The Antigravity 2.0 IDE demo surfaces a product distinction worth flagging immediately. Antigravity 2.0 is an agentic coding environment — not the Gemini API itself. It is the orchestration runtime that dispatches and coordinates the parallel sub-agents shown in the demo. No public release date appears in official I/O materials for Antigravity 2.0 . The underlying Flash model is callable today via the API; the orchestration layer shown in the demos is not available externally.

The 64 Fractal Variations demo makes the throughput argument most explicitly. Generating 64 distinct creative variations in one session requires sustaining high output token rates without degradation. At approximately 4× the tokens-per-second of 3.1 Pro, Flash makes this kind of batch creative exploration feasible within a reasonable time window . The same batch run through a slower model at equivalent quality would take roughly four times as long — a compounding difference for iterative design workflows where time-to-first-good-option matters.

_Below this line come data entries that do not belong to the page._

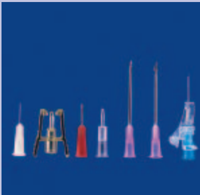
Needles and Cannulas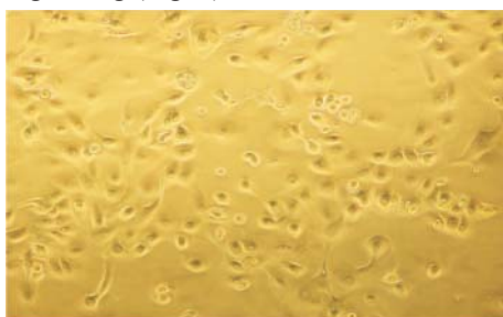
Fig. 2. In explant culture of dog limbal cells, 5 days after ingrowing, \times 40

Dog limbal cells within “ in explant ” cultures, achieved 80 % confluence 5 days after ingrowing (Fig. 2). Using an electronic microscope, it could be seen that cells within the secondary cultures were of equal size, approximately 14.5 \mu\text{m} \times 13.4 \mu\text{m} , five days after ingrowing (Fig. 3).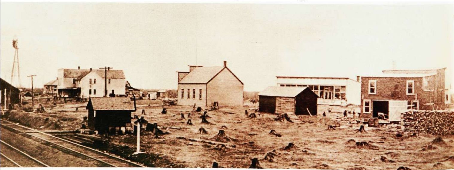
Partridge (renamed Askov), 1908, a Pine County hamlet on stumpy, cut-over timberland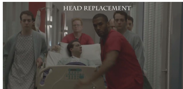
BLACK BOX: Replaced Heads of man screen left and man in gurney.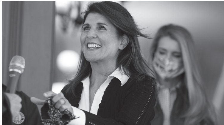
Nikki Haley at a campaign rally for Kelly Loeffler in Monroe, Ga., Oct. 30, 2020.

Her frontline pro-Israel advocacy has made her extremely popular at the annual American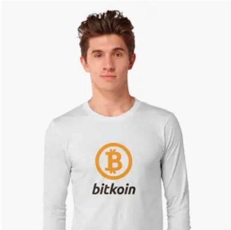
Long Sleeve T-Shirt

Long sleeve soft tee, crew neck, slim fit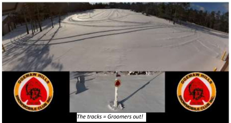
The tracks = Groomers out!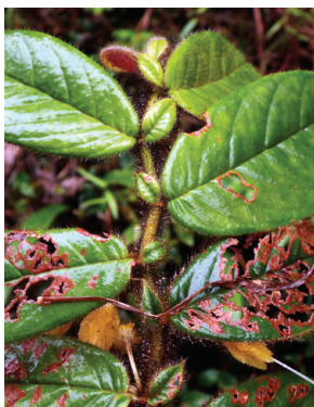
27 Columnnea ciliata MP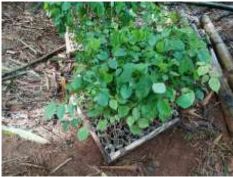
action Seedlings for planting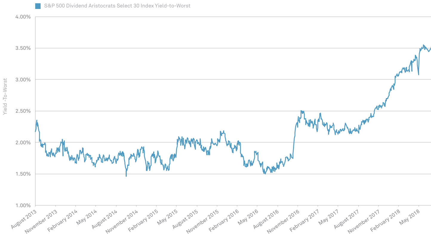
Exhibit 3: S&P 500 Dividend Aristocrats Bond Select 30 Index Yield-to-Worst

Data as of July 31, 2018. Past performance is no guarantee of future results. Chart is provided for illustrative purposes and reflects hypothetical historical performance. Please see the Performance Disclosure at the end of this document for more information regarding the inherent limitations associated with back-tested performance.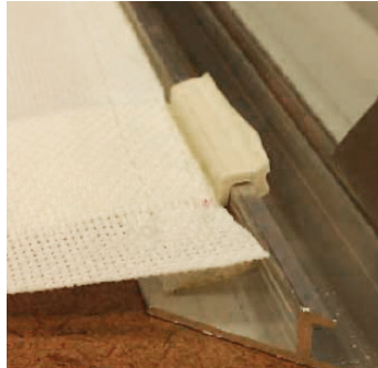
Affix grips to frame.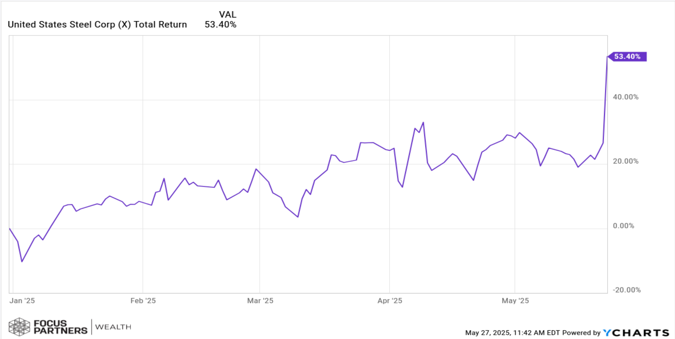
Chart #1: Deregulation Green Shoots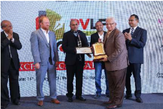
Publisher: Dreamland Publication Category: Children's Book Position: Second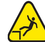
Fall from Heights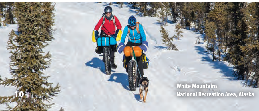
White Mountains National Recreation Area, Alaska

Oregon National Historic Trail During much of the 19th century, an estimated 300,000 emigrants used the Oregon Trail as a pathway toward the Pacific. Fur traders, gold seekers, farmers, missionaries, and others traveled west on the approximately 2,000 miles of trail, which begins in Missouri, goes toward the Rocky Mountains, and ends in Oregon's Willamette Valley. Traces of pioneers, such as wagon ruts, are still visible on the trail today. Visitors can now make the once 5-month journey by automobile along highways that closely parallel the historic route. Portions of the trail are accessible by foot, mountain bike, and horseback. The trail goes through six states, including Missouri, Kansas, Nebraska, Wyoming, Idaho, and Oregon.

The Checkout UX demo is the most immediately replicable for developers with AI Studio access today. Iterative code generation inside AI Studio, running successive refinements of a UI component with Flash's throughput compressing the feedback loop, requires no Antigravity 2.0. This is the demo most directly applicable to a developer's existing workflow without waiting for additional product availability.

The Gemini Spark demo is the most infrastructure-dependent of the five. The 24/7 proactive agent behavior — generating a nut-free snack list and pushing it to Instacart without explicit prompting — requires persistent session state and cross-app authorization. Google indicated broader beta access for AI Ultra subscribers within approximately one week of the May 19, 2026 I/O announcement . As a consumer product rather than a developer API, its architecture is not directly portable to custom agent implementations.

Is the Scene-Preservation Claim Verified?

Two tiers of evidence exist for the Omni demos: Google's official curated nine-video set and an independently documented expanded set. The Omni architectural claim has a specific, testable structure — but benchmark data from a recognized external source is absent as of May 31, 2026, and the demos leave several operational questions unanswered.

nvinio.com independently documented 11 total demo variants from the I/O period — two more than Google's official May 29 post . The additional variants included a Search-based Information Agent tracking athlete sneaker collaboration announcements continuously, and a Generative UI demo for Gyroid patterns. The broader coverage confirms the demo set is wider than the official curated post presents — useful signal when evaluating whether Google is showing only favorable edge cases or testing across varied task types.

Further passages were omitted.